Benchmarking IndoBERT and Multilingual BERT for Indonesian Financial News Sentiment Classification

Matius Ivan Bimasena; I Kadek Yogi Prayoga; I Gusti Agung Putu Mahendra; Purnama Sidik

doi:10.36378/jtos.v9i1.5583

Matius Ivan Bimasena Institut Teknologi dan Bisnis STIKOM Bali
I Kadek Yogi Prayoga Department of Information Technology, Institut Teknologi dan Bisnis STIKOM Bali, Indonesia
I Gusti Agung Putu Mahendra Department of Informatic Engineering, Politeknik Negeri Bengkalis, Indonesia
Purnama Sidik Department of Information Technology, Institut Teknologi dan Bisnis STIKOM Bali, Indonesia

DOI: https://doi.org/10.36378/jtos.v9i1.5583

Keywords: Financial news;, Classification;, Transformer-based models;, IndoBERT;, Multilingual BERT

Abstract

Financial news sentiment classification was important for understanding market narratives and investor perception, but Indonesian financial news remained challenging because it contained domain-specific terminology, numerical expressions, and imbalanced sentiment categories. This study benchmarked two transformer-based models, IndoBERT and Multilingual BERT, for classifying Indonesian financial news sentiment into negative, neutral, and positive classes. The dataset consisted of economic and financial news articles from Kontan, CNBC, and Bisnis.com during the first quarter of 2026. After preprocessing, 3,366 articles were used, consisting of 3,070 neutral, 184 negative, and 112 positive articles. The dataset was divided into training, validation, and testing sets using stratified splitting. Class weighting was applied to reduce the effect of class imbalance. The results showed that IndoBERT achieved the best overall performance, with 0.94 accuracy and 0.71 macro F1-score, while Multilingual BERT achieved 0.93 accuracy and 0.70 macro F1-score. These findings indicated that IndoBERT was more suitable for Indonesian financial news sentiment classification, although Multilingual BERT remained competitive, especially in detecting positive sentiment.

Downloads

Download data is not yet available.

References

G. Anese, M. Corazza, M. Costola, and L. Pelizzon, “Impact of public news sentiment on stock market index return and volatility,” Computational Management Science, vol. 20, no. 1, p. 20, Dec. 2023, doi: 10.1007/s10287-023-00454-2.

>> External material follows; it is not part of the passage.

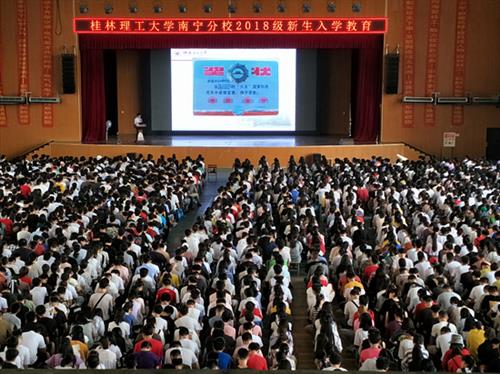 9月12日下午,学校解庆林校长在空港校区体育馆为分校2018级新生作题为“弘扬‘桂工精神’,志存高远,立志成才!” 的入学教育报告。报告会由学校校长助理、分校校长冯兵主持。

M. Bask, L. Forsberg, and A. Östling, “Media sentiment and stock returns,” The Quarterly Review of Economics and Finance, vol. 94, pp. 303–311, Apr. 2024, doi: 10.1016/j.qref.2024.02.008.

L. Yacoubian, “The Predictive Power of Social Media Sentiment on Stock Market Returns,” International Journal For Multidisciplinary Research, vol. 7, no. 3, May 2025, doi: 10.36948/ijfmr.2025.v07i03.46689.

S. D. Sriasih, F. A. Razak, and H. al I. Ikhsan, “AI-Driven Sentiment Analysis of Retail Investor Behavior during Market Volatility: A Study of Twitter Data in Southeast Asia,” Journal of Management and Informatics, vol. 4, no. 1, pp. 741–756, Apr. 2025, doi: 10.51903/jmi.v4i1.179.

K. Du, F. Xing, R. Mao, and E. Cambria, “Financial Sentiment Analysis: Techniques and Applications,” ACM Comput. Surv., vol. 56, no. 9, pp. 1–42, Oct. 2024, doi: 10.1145/3649451.

M. R. Agam, N. Setyawan, C.-C. Sun, H.-K. Su, and J.-W. Hsieh, “Classification of Indonesian Language News Documents Using RNN and Transformers,” in 2025 IEEE International Conference on Consumer Electronics - Taiwan (ICCE-Taiwan), IEEE, Jul. 2025, pp. 407–408. doi: 10.1109/ICCE-Taiwan66881.2025.11207956.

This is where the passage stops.